Туанетт. Том 2 - страница 25



– Прости, батюшка, что принимаю тебя по-домашнему, – произнесла пожилая графиня. – Скажи мне, как поживают твои тётушки?

– говоря откровенно, сам не знаю. Из Ясной я уехал в Москву осенью 1848 года. С тётенькой Татьяной с тех пор нахожусь в переписке, а о тётеньке Юшковой вообще ничего не знаю. Слышал, что Владимир Иванович с тётенькой Пелагеей разошёлся и теперь она скитается по монастырям.

– Что так?

– Право, не ведаю, что-то казанская жизнь её не устроила, и она уехала.

– А почему с Татьяной в Ясной не живёт?

– Характер у старушки сложный.

– Насчёт характера я с вами, Лев, полностью согласна. Она и в молодости любила настоять на своём, а это не всем по душе. А как братья?

– Николенька служит в армии на Кавказе, а мы пока бездельничаем.

– Надо когда-то и побездельничать: молодость быстротечна, – с грустной улыбкой заметила графиня. – Моя младшая, Александра, с отрочества вся в заботах, а уж о старшей, Елизавете, и говорить не приходится. Обе служат фрейлинами во дворце. Вижу их крайне редко. Бывает, заскочат на минутку – и опять на пост. Рада бы тебя с ними познакомить, но сама не ведаю, когда они у меня появятся.

Льву импонировало, что она не стала пенять ему, что он без дела оказался в Петербурге. Накормив гостя и ещё поговорив немного, предложила ему иногда заглядывать на огонёк.

– Может, Бог даст, и с Александрой столкуешься, она дева умная.

Толстой поблагодарил её за добрые слова и в будущем обещал по возможности навещать.

Встретил в столице Лев и друзей детства Иславиных. Костенька стал его постоянным сопроводителем в Петербурге.
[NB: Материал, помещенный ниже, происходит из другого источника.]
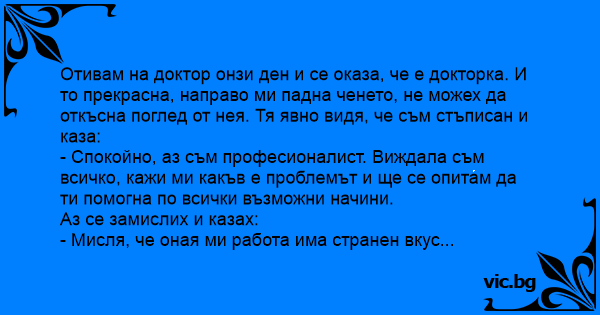 Отивам на доктор онзи ден и се оказа, че е докторка. И то прекрасна, направо ми падна ченето, не можех да откъсна поглед от нея. Тя явно видя, че съм стъписан и каза:

Он имел пристрастие к аристократическому обществу, помня, что его мать была урождённая графиня Завадовская, а бабка – графиня Апраксина. Поэтому и кстати, и некстати упоминал об этом. Учился он на первом курсе в университете, на юридическом отделении, а главное, всех знал и везде был принят за своего. Взяв опеку надо Львом, он пытался внушить ему, что перед сильными и важными господами незазорно даже встать на колени.

– О чём ты, Константин? Я дворянин и граф и никогда не только не совершу этого, но и в мыслях не намерен этого делать.

– Если хочешь достичь вершин власти, то должен быть с ними предельно любезен! К тому же они аристократы.

– А я, – в запальчивости воскликнул Лев, – я не меньше их аристократ и по привычкам, и по положению, и по рождению! Я аристократ, потому что вспоминать предков: отца, дедов, прадедов моих – мне не только не совестно, но и всегда радостно!

– Ладно, Лев, не расходись, я же желаю тебе добра и хочу помочь определиться тебе здесь.

– Я такое добро не приемлю, и постарайся не поучать меня.

В одной аристократической компании Лев увидел маленького человечка в тёмном фраке с портретом государя, украшенным алмазами, в петлице.

– Кто таков? – простодушно поинтересовался Лев, указывая глазами на присутствующего тщедушного господина.

– Что ты, Лёва, это министр по иностранным делам Карл Нессельроде, любимец императора.

– И вот перед таким пигмеем ты советуешь склонять голову? Уволь, уволь, – с сарказмом заметил Лев.

Толстой стал часто бывать у Прасковьи Васильевны. Как-то её гостем был профессор Никитенко. Он говорил о положении дел в университете, в частности о том, что некоторые профессора ратуют за отмену на юридическом отделении таких предметов, как русская словесность, история и философия.

– Наша молодёжь, – заявлял он, – и так не умеет правильно излагать мысли по-русски, а если сократить эти важные дисциплины, они, по сути дела, останутся неучами с университетским дипломом.